Each line below from the "Step 1: Cut" line through the "純粋な欲望風スクエアカラー半袖 Tシャツ女性の夏白タイトなハイウエストへそセクシーなスリムショートトップ ハイウェスト" line, those two included, must be restated word for word; the pictures must not be.

*** Opening of RECORDS FOR THE EXERCISE ***

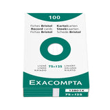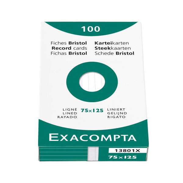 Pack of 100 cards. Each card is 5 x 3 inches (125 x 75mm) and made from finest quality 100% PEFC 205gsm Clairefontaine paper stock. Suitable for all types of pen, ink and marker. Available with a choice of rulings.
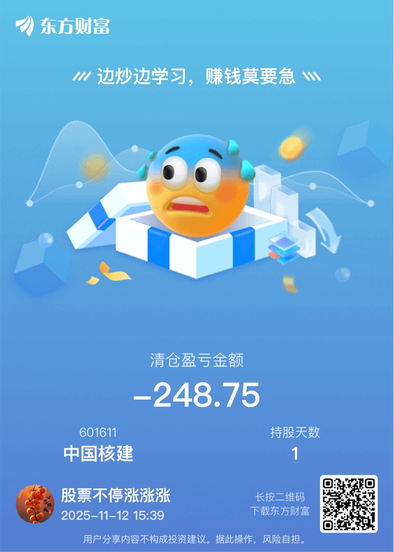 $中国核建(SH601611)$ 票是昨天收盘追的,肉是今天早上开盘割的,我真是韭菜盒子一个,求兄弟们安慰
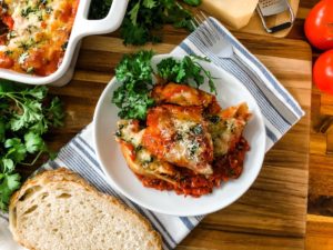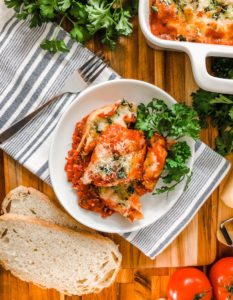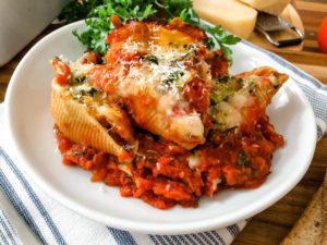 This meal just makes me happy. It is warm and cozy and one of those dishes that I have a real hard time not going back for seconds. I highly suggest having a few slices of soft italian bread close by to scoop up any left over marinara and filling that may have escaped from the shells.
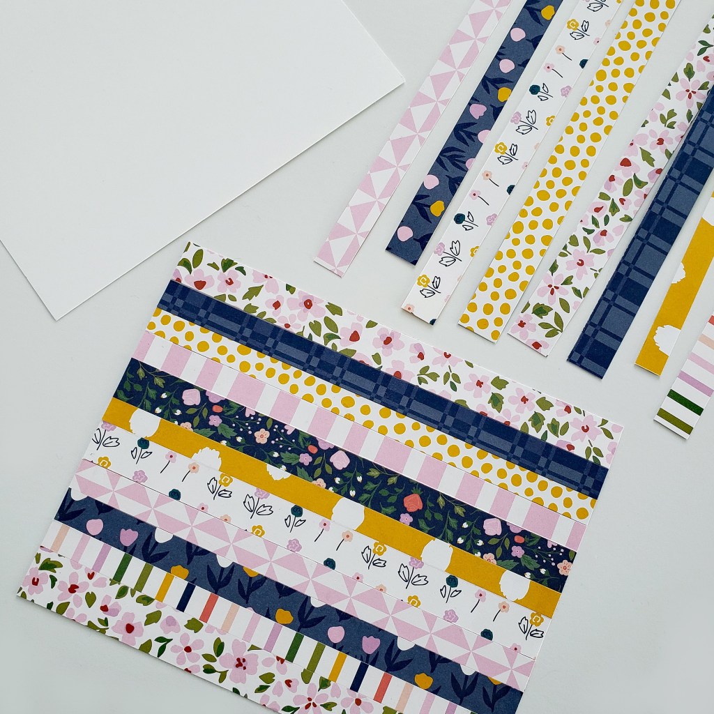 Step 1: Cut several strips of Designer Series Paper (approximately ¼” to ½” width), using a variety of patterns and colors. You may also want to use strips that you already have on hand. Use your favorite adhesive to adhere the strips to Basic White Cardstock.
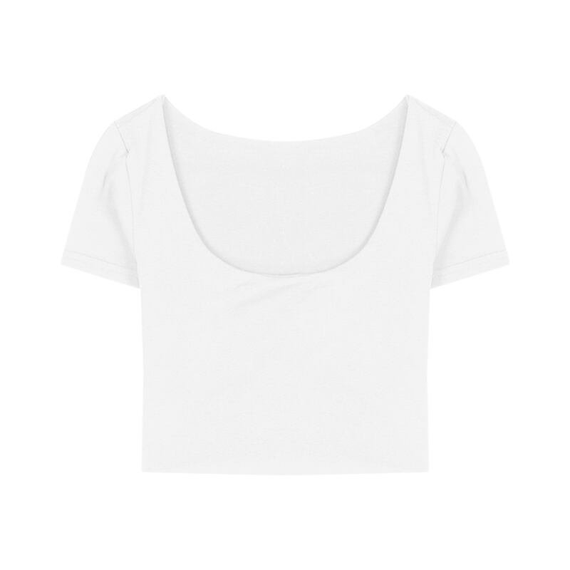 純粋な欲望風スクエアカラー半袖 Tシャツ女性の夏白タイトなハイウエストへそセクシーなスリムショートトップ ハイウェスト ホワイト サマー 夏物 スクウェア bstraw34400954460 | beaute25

*** Close of RECORDS FOR THE EXERCISE ***
*** Opening of RECORDS FOR THE EXERCISE ***

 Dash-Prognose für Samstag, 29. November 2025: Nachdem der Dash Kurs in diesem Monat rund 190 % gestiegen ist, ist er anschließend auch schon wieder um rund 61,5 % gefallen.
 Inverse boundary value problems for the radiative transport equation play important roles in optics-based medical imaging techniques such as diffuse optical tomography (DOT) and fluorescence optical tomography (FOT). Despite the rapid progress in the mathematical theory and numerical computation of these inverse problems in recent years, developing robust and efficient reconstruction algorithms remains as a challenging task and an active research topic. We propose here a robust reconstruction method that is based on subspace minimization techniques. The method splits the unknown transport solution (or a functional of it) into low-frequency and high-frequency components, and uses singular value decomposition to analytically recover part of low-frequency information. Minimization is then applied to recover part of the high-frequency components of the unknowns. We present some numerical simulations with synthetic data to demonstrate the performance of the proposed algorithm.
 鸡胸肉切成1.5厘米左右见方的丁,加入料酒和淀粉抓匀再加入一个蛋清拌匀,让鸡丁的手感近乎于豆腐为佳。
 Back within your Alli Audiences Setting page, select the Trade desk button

*** Close of RECORDS FOR THE EXERCISE ***
*** Opening of RECORDS FOR THE EXERCISE ***

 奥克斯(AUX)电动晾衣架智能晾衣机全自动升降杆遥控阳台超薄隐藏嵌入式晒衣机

*** Close of RECORDS FOR THE EXERCISE ***

-- FINAL ANSWER --
 Step 1: Cut several strips of Designer Series Paper (approximately ¼” to ½” width), using a variety of patterns and colors. You may also want to use strips that you already have on hand. Use your favorite adhesive to adhere the strips to Basic White Cardstock.
 純粋な欲望風スクエアカラー半袖 Tシャツ女性の夏白タイトなハイウエストへそセクシーなスリムショートトップ ハイウェスト ホワイト サマー 夏物 スクウェア bstraw34400954460 | beaute25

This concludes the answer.